交渉が苦手な人は、謙虚であったり、周囲を気遣ったりする、いわゆる日本的な美徳を重視しているのでしょう。自分の仕事を自分で切り開く意識にやや欠けているところがあると思います。交渉の前提として、自立的にキャリアを形成する意識を持つことも大切だと思います。

昇進したいのであれば、そのことをはっきり伝えた方がいいです。そこで大事なのは、そういうシグナルを日常から出しておくこと。人事面談の際に伝えるだけでは足りません。打ち合わせや、一緒に外出する際など、折に触れて意思を示しておくべきです。

今、多くの企業は女性管理職を増やしたいと考えています。そのため、意思のある女性にとってはチャンスです。「残業が…」「責任が…」など、できない理由を決め付けず、そこも含めて、会社に意思を示すべきです。女性管理職を増やしたい企業は対応してくれるはずです。

一方、日本の女性が交渉すべき一番の相手は、実は会社ではなく、夫です。日本人男性の家事・育児時間は諸外国と比べて、恐ろしいほど短いです。女性が職場で働くためには、夫が家事・育児をもっと担うべきです。
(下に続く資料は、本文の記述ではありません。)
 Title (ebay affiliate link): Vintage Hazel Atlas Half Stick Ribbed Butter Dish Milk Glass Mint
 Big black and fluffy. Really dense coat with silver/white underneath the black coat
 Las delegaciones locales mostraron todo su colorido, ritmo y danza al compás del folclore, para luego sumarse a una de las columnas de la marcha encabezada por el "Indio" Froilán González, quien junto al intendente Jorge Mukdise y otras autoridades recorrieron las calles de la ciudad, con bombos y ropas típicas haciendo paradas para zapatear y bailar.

他の先進国女性と比べて日本の女性は、夫と交渉していません。けんかになるとか、言っても無駄とか、なんだかんだ理由を付けて交渉を避けています。実は企業もそこで困っています。女性従業員にもっと活躍してほしくても、夫の働き方のせいで断られてしまうからです。
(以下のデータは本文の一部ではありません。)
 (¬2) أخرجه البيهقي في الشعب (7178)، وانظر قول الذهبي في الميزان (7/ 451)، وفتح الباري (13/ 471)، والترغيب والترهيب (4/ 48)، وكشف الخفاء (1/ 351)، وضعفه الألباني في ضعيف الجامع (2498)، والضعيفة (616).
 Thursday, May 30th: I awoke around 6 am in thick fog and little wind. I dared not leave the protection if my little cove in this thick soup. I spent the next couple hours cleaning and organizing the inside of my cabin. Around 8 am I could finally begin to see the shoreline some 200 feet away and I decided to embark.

そこを乗り越えないと女性のキャリア展望は開けません。夫の家庭不参加に対峙することが、女性にとっての最も大きな心理的チャレンジだと言えます。

日本でありがちなのは、「うちの会社は理解がないから」「夫がわかってくれないから」とか、他人の事情が先にあって、自分の希望を諦めてしまうこと。ですが、それでは他人任せの人生になってしまいます。自分のしたいことは自分で決める。自己決定する意識を持つことが、交渉するに当たっても、まず大切なのではないでしょうか。